Over the course of several months, Fitzgerald films the daily lives of two medical workers in health centers in Yemen: Doctor Aida Hussein Alsadeeq and nurse Mekkia Mahdi, both women, who face the most difficult conditions to try to save the lives - and lift the spirits - of thousands of children who are at risk of death by malnutrition.
This health documentary produced by MTV gains even more value as one of the few documentaries about the crisis that have managed to bring the issue to the highest media level at the most critical moments of the famine and in the midst of the Covid-19 pandemic.
This is the only Netflix short documentary nominated to win the statuette in the Best Documentary Short Film category at the 2021 Oscars. The film uses various aesthetics, from re-enactment to experimental filmmaking techniques, to illustrate the memories that Tybie O'Bard share with us about her best friend, Latasha Harlings.
Latasha Harlings was a fifteen-year-old African-American girl who was murdered in 1991 for allegedly stealing a less than two-dollar worth orange juice from a grocery store, an event that sparked the 1992 Los Angeles riots following the sentencing of her case.
O'Board reminisces from the moment she met Latasha as a child and revisits teenage memories of her neighborhood in which she describes a friendly young woman full of dreams.

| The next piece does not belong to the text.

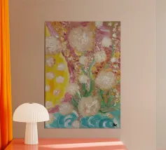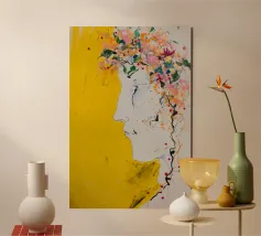 Questo dipinto su sfondo giallo pastello è morbido e rilassante. I fiori colorati contrastano con la semplicità del disegno, creando una sottile armonia.

The narrative is full of details and atmospheres that visual artist and filmmaker Sophia Nahli Allison evokes with a mix of archival footage, re-enacted scenes with a VHS look and experimental film footage.
The short film arrives at the Oscars just twenty years after Harlings' death, in the midst of a contemporary era marked by recent social protests following the death of African-American George Floid and the beginning of the trial of Derek Chauvin, the police officer accused of his murder.
This is undoubtedly the most dizzying film on the list. Journalist and filmmaker Anders Hammer gets into the center of the hurricane during the protests in Hong Kong against the implementation of a law that would allow Main Land China's security organizations to operate freely in Hong Kong territory.
The 35-minute-long documentary is loaded with footage recorded during the daily battles protesters have with security forces trying to contain the social outburst.
In what will undoubtedly be one of the most important documentaries on the relationship between Main Land China and the former British territory of Hong Kong, this short film produced by Field Of Vision, an organization that commissions and disseminates documentary content on political and social issues, brings to the Oscars a pivotal moment in the sovereign destiny of the millions of Hong Kongers who fear political retaliation from the Chinese dictatorship.